**ABOUT THIS EXERCISE**
Here the job is to repeat the listing exactly, but not the pictures in it.

**DATASET SECTION**
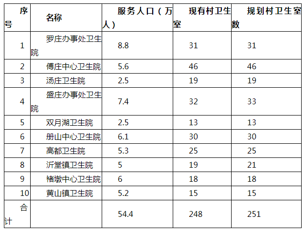 表6 街镇卫生室规划一览表
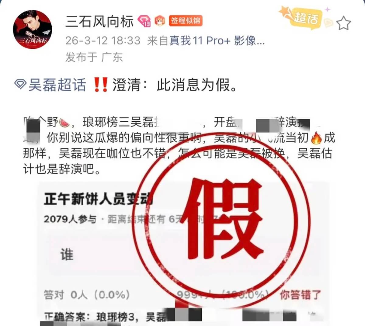 消息傳出之後,就有不少網友炮轟,不接受這樣的演員安排!但吳磊方行動很迅速,立刻發聲明打假👇
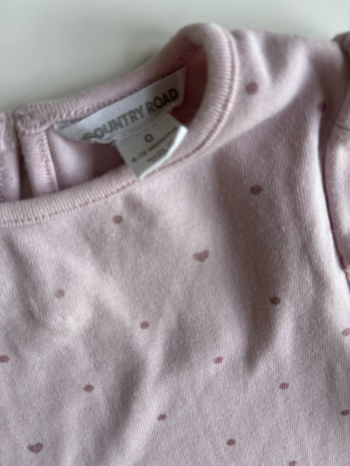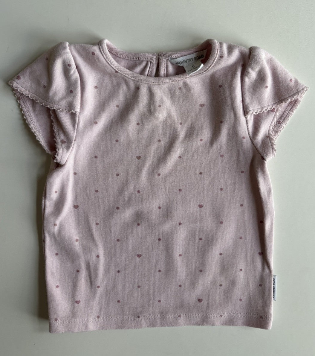 Country Road baby girl size 6-12 months pink hearts spot top t-shirt,
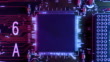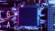 A futuristic neon coloured motherboard of a computer full of computer chips, wired connections and CPU. Animated digital information and data moving across the motherboard.

**OUTPUT FOR THIS TASK**
 表6 街镇卫生室规划一览表
 消息傳出之後,就有不少網友炮轟,不接受這樣的演員安排!但吳磊方行動很迅速,立刻發聲明打假👇
 Country Road baby girl size 6-12 months pink hearts spot top t-shirt,
 A futuristic neon coloured motherboard of a computer full of computer chips, wired connections and CPU. Animated digital information and data moving across the motherboard.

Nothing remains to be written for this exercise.